But environments can change. There could be road work on our usual offramp. That's when intellect can help. We can intellectually examine our beliefs to be sure they still apply - something I think smart, effective people do a lot of. And we can use our intellect to come up with a better guess when they don't - the first step in editing our beliefs.

But in both of these cases it was the emotions generated by our beliefs and our intellectual conclusions that were weighed in our decisions. In each case I suspect the usual, belief based route, produced a reliable emotional tag. In the first case, the intellectual shortcut tag had a higher value - it was novel, it could possibly provide a new more valuable route to Home Depot than the belief we held, and there was no cost of a slight delay.

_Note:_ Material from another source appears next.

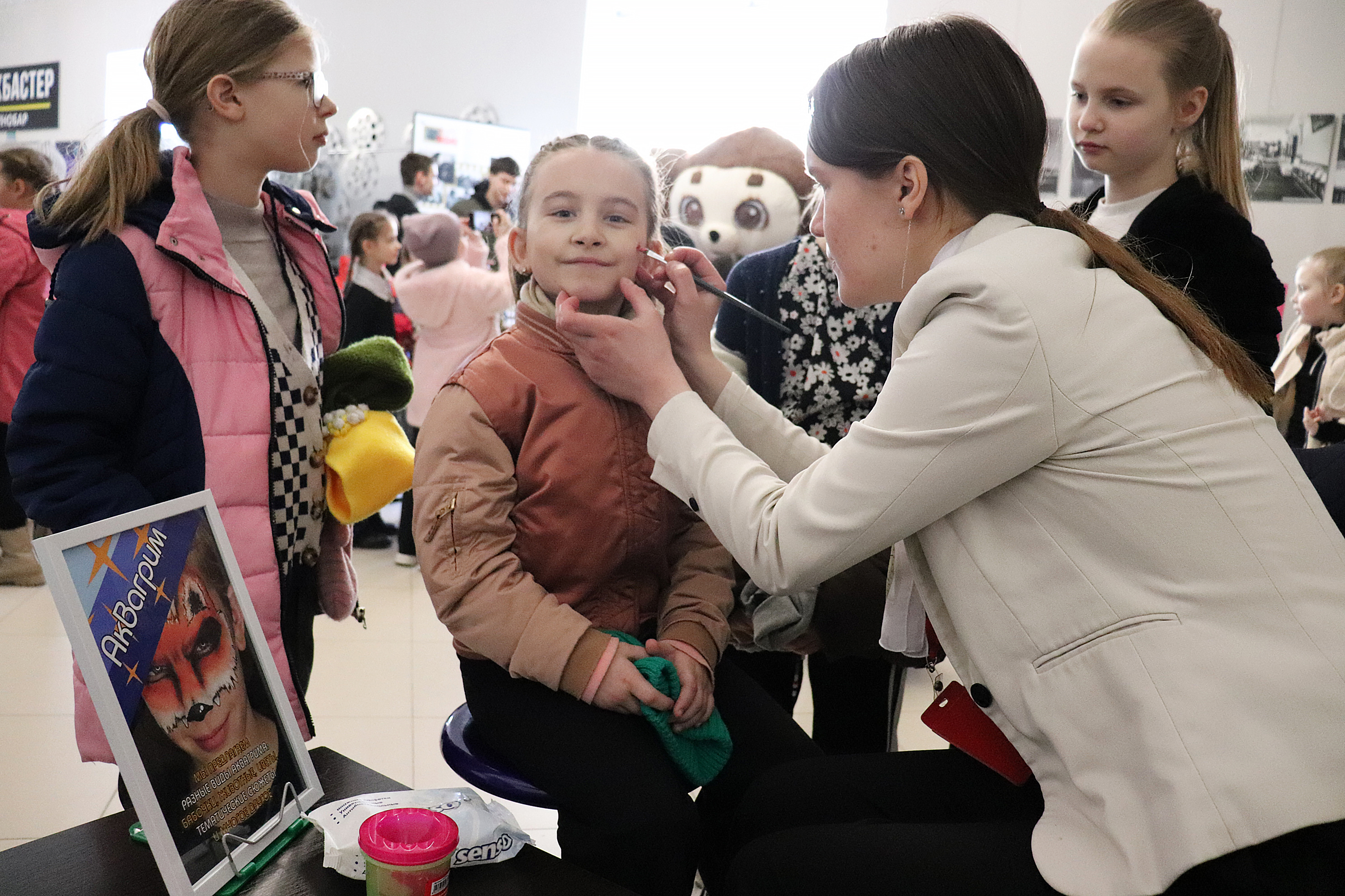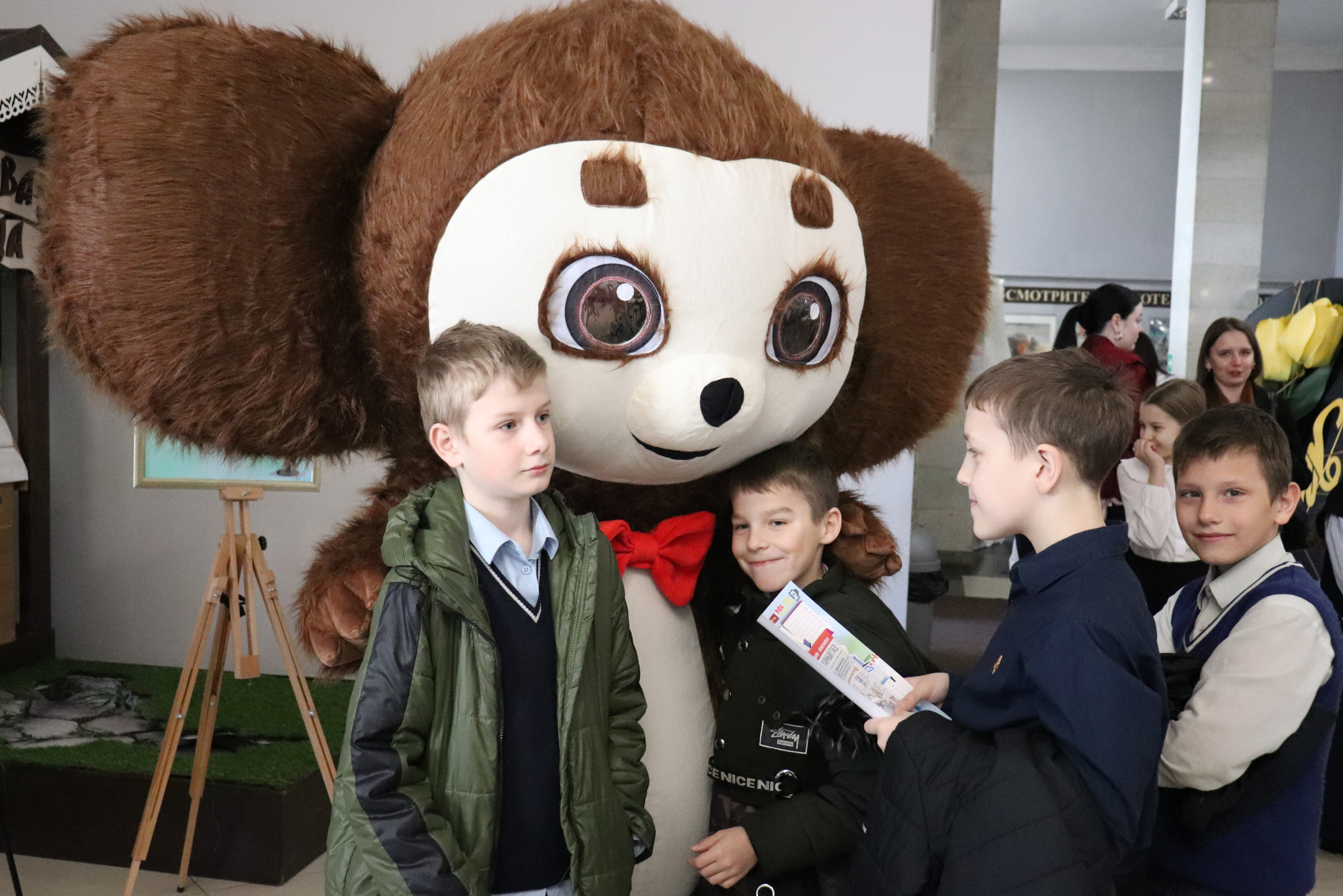 Перед показом юных зрителей ждала насыщенная программа: интерактивная площадка, встреча с Чебурашкой, выставка «Детям о безопасности», аквагрим.

In the second case the shortcut choice held a very high cost for being late - and finding a faster route for later use and the novelty had no emotional value to us at all under those conditions. And so, our emotions ultimately guide our decisions according to the context of the decision that we are making - wisely enlisting our intellect to improve the quality of those decisions in terms of our own survival - and depending on the context - but never allowing our intellect to dictate them.

Margaret

Margaret McGhee
May 4th, 2006, 02:05 PM
In my last post I said that, We do use our intellect frequently in our lives. But when? I propose that we mostly use intellect when strong emotions are not involved in a decision. Before moving on I'd like to focus briefly on one of the more important implications of this - politics.

First, I will admit that I am generally liberal politically. This is not a partisan observation however. It's just that currently the conservatives are better at using this principle of the mind to their advantage and against liberals. There have been times when liberals used it to their advantage. If we look at the politics of academia I'd say that liberals are currently using those to their advantage against the conservatives - at least as much as Steve Pinker is correctly describing the pervasive influence of liberal ideology in academia (which I am inclined to believe at this time).

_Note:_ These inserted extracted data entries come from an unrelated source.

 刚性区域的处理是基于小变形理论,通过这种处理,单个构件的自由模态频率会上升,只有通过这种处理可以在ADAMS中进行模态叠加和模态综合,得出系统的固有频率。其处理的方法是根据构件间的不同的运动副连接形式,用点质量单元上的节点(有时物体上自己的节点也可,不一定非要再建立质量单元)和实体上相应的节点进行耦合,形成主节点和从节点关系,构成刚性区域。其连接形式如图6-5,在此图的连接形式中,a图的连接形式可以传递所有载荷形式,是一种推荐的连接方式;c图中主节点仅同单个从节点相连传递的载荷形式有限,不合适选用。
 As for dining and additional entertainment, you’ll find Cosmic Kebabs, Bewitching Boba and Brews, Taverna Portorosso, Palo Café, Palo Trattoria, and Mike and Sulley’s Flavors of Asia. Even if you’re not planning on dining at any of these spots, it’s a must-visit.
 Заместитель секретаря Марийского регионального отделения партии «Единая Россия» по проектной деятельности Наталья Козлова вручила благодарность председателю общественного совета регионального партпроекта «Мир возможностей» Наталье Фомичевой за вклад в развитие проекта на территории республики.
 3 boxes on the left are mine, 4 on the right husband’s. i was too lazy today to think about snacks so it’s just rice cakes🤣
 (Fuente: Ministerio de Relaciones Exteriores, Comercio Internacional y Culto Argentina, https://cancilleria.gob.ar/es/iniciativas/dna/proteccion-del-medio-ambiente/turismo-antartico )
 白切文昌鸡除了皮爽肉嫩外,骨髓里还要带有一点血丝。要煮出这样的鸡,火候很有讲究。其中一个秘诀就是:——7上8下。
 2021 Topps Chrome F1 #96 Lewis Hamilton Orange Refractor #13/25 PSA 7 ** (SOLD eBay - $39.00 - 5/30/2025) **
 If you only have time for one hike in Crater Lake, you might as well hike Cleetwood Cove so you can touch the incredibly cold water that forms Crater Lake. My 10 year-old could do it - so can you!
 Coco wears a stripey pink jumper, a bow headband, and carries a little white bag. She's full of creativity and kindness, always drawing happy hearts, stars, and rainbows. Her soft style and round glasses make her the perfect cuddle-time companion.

But, what this says is that if your position is not reasonable then raise the emotional stakes. When strong emotions are running through our minds we are far less likely to consult our intellect when making decison. And if we do we are far more likely to distrust our conclusions - as when delivering a ransom to Home Depot.

Today, this means that the upcoming mid-term election will be (wisely) framed by Republicans as a war against baby-killers (abortion), against those who would destroy American family values (same sex marriage), against terrorism enablers (Dems opposed to NSA wiretapping without warrants), etc.

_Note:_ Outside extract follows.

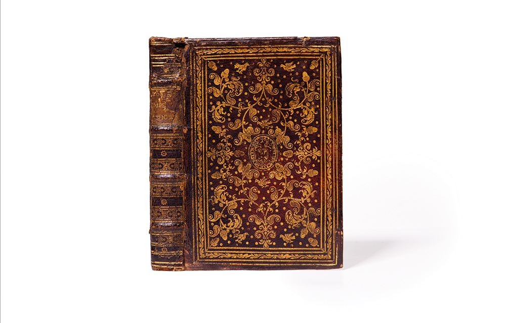 Legatura - Cavalieri, Giovanni Battista Romanorum imperatorum effigies. Elogijs ex diversis scriptoribus per Thomam Treterum S. Mariae Transtyberim canonicum collectis, illustratae Roma, [Francesco Coattino], 1590. In 8°. Elegante frontespizio architettonico figurato, grande stemma nobiliare dell'autore al recto di carta A1, 157 ritratti a piena pagina, marca tipografica al verso dell’ultima carta, macchie di umidità, strappo a p.151, ultime 3 carte con restauri e sciupate, legatura originale in marocchino rosso con decorazione impressa in oro, piatti inquadrati da 4 filetti e rotella, campo completamente decorato con ferri di fogliame, ghiande ed uccelli, al centro stemma nobiliare circondato da iscrizione (non identificati), dorso a 4 nervi, tagli dorati e cesellati, uno dei quali con titolo dipinto in rosso, piccole mancanze al dorso, decorazione sciupata. Nota di possesso manoscritta. Bella edizione, in elegante legatura cinquecentesca, di questa raccolta di ritratti di imperatori romani concepita ed incisa dall'artista trentino Cavalieri. Brunet I, 1697; Adams C,1182.
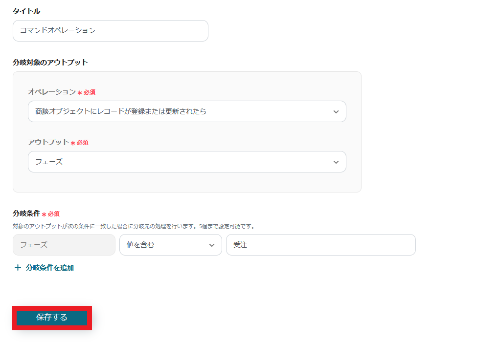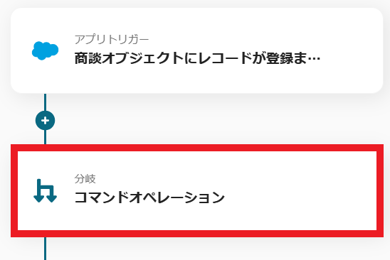 - 次に、オペレーションの分岐機能で、トリガーで取得した情報をもとに後続の処理を実行する条件を設定します。

The problem for democracy is that once the emotional stakes are raised the other side has no option but to go one better. We are soon swimming in a turbulent sea of hatred and mistrust of anyone who doesn't agree with us a hundred percent. Reason is lost - and all of us lose the benefit of the best intellectual decision-making in our interests that democracy - which spreads that decision-making over millions of minds where each person's beliefs and instincts can wisely qualify our intellectual conclusions - was supposed to provide.

Perhaps, Steve Sailer is just offering the only defense for genetic determisim that is available - after decades of Margaret Mead and slavery and civilization's instinctive and passionate recoil from the Third Reich. Maybe the effect that those highly emotional influences had on our world are far from over and will continue to reverberate and cause wide-swinging oscillations through our politics for many years to come.

It seems to me that the only way to mitigate the damage that these political oscillations have caused and will continue to cause is to understand that emotions are what motivates our minds and are the values that get negotiated in our decisions, that our intellectual conclusions are weak competitors to start with and that enlightened intellectual conclusions only emerge from minds that are free from strong emotions. When we understand that we may be better able to resist the siren call of those strong emotions in our political processes. The Ulysses of both parties need to tie themselves to the mast.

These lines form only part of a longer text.